The recent success of mezcal has been built at least in part on radical transparency. Labels on some bottles of mezcal feature some of the most detailed disclosures of any spirits in the world, often listing the varietals of agave, the type of still, the town of origin, the name of the mezcalero who makes it, the number of distillations, the methods of grinding and cooking the agave, the volume produced, and more. Communicating this information has helped fuel passion among consumers, who dive deep into the intricacies of the spirit at a growing number of mezcalerias around the world.
The speed with which mezcal has changed its perception as bottom shelf hooch with a worm in it to specialty spirit commanding prices rivaling single malt Scotch is remarkable. But this growth also causes tension. More than any other spirit, mezcal walks a tightrope between being too esoteric to be commercially viable and becoming so trendy that its most desirable aspects get lost to industrial scale production.
To their credit, many owners and representatives of reputable mezcal brands within the DO have been vocally opposed to NOM 199, even though they would ostensibly stand to benefit from restricting competition. "You're dealing with a lot of indigenous cultures that have a history of being oppressed by an elite class," says Francisco Terrazas, who formerly managed the agave-focused bar The Pastry War in Houston, Texas, and now works for Mezcal Vago. "My hope is that this recent controversy will bring attention to the significant barriers to entry that are already excluding more than half of the states that have a cultural history of mezcal production."
The contentious disputes over mezcal highlight the various ways that laws intended to protect consumers and uphold quality standards for food and drink products can have the unintended opposite effect.
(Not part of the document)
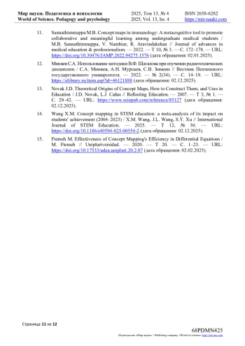 14. Wang X.M. Concept mapping in STEM education: a meta-analysis of its impact on students’ achievement (2004-2023) / X.M. Wang, J.L. Wang, S.Y. Xu // International Journal of STEM Education. - 2025. - Т 12, № 30. - 10.1186/s40594-025-00554-2 (дата обращения: 02.12.2025). DOI: 10.1186/s40594-025-00554-2(

I recently noted the case of Scotch whisky producers forbidden from revealing the composition of their blends and of a Florida dairy fighting for the right to accurately label its additive-free skim milk. Libertarians are often skeptical of protected geographic names, but these kinds of proposals are even more restrictive, censoring truthful communication from producers to buyers. A better, though more costly alternative to NOM 199, would be to bring additional regions into the DO, which would at least address concerns about inspections and quality.
Fortunately, there is broad opposition to NOM 199, thanks to advocates within Mexico and among agave lovers around the world. A similar proposal was defeated in 2012, and the Tequila Interchange Project has been promoting a petition to reject NOM 199. "If we care about the future of agave, agave distillates, and the people whose lives are built around its propagation, harvesting and distillation, we can not allow this proposition to become law," concludes the petition. "Without our action they will have no future."